INFORMATION GIVEN –
════════════════════

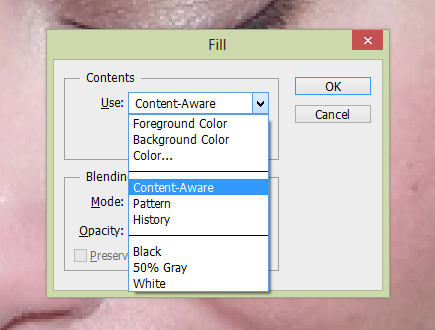 এবার কীবোর্ড থেকে Shift + F5 প্রেস করুন । নতুন উইন্ডোতে Content Aware সিলেক্ট করে ওকে করুন ।
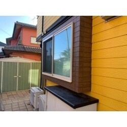 国産の商品に変更致し、工事の際に外側窓周りの色を外壁の黄色によく合う茶色で塗装致しました。
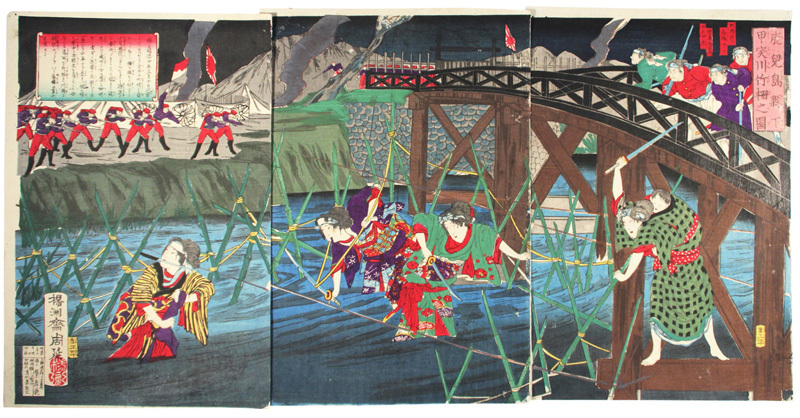 【書名】錦絵 鹿児島県下甲突川竹柵之図【著者】周延画【解説】三枚揃【刊行年】【数量】
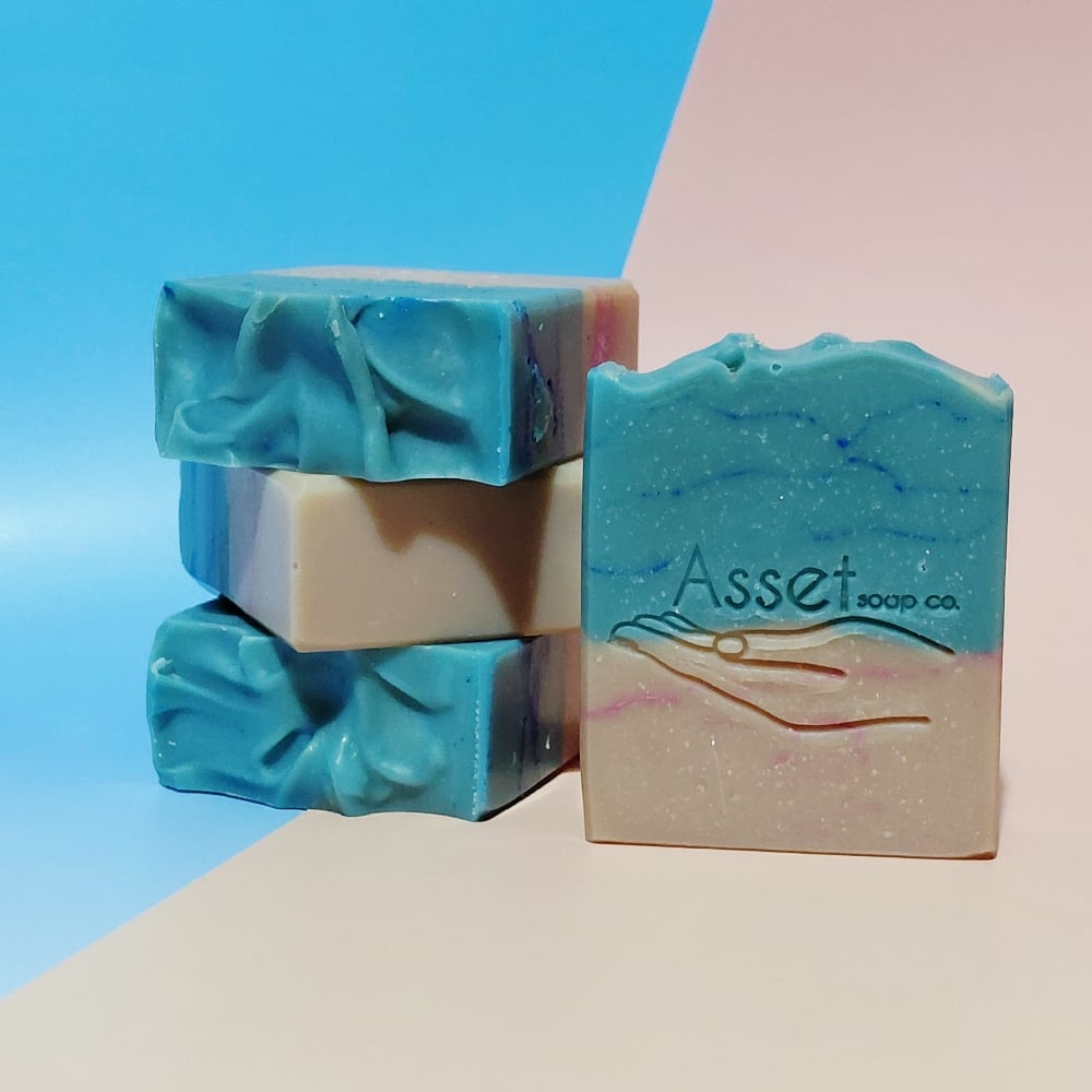Ingredients: Tallow, Distilled Water, Coconut Oil, Olive Oil, Rice Bran Oil, Sodium Hydroxide, Fragrance, Mica, Titanium Dioxide.
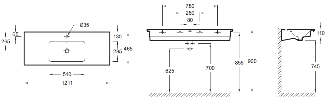 Подвесная раковина-столешница с гладкой нижней поверхностью (для установки на мебель), 120 х 46 см.

════════════════════

DIRECTIONS – For this answer, retype the lines from the start of the listing through the line that holds "Ingredients: Tallow, Distilled", inclusive, exactly and without pictures.

REPLY TO THE EXERCISE –
 এবার কীবোর্ড থেকে Shift + F5 প্রেস করুন । নতুন উইন্ডোতে Content Aware সিলেক্ট করে ওকে করুন ।
 国産の商品に変更致し、工事の際に外側窓周りの色を外壁の黄色によく合う茶色で塗装致しました。
 【書名】錦絵 鹿児島県下甲突川竹柵之図【著者】周延画【解説】三枚揃【刊行年】【数量】
Ingredients: Tallow, Distilled Water, Coconut Oil, Olive Oil, Rice Bran Oil, Sodium Hydroxide, Fragrance, Mica, Titanium Dioxide.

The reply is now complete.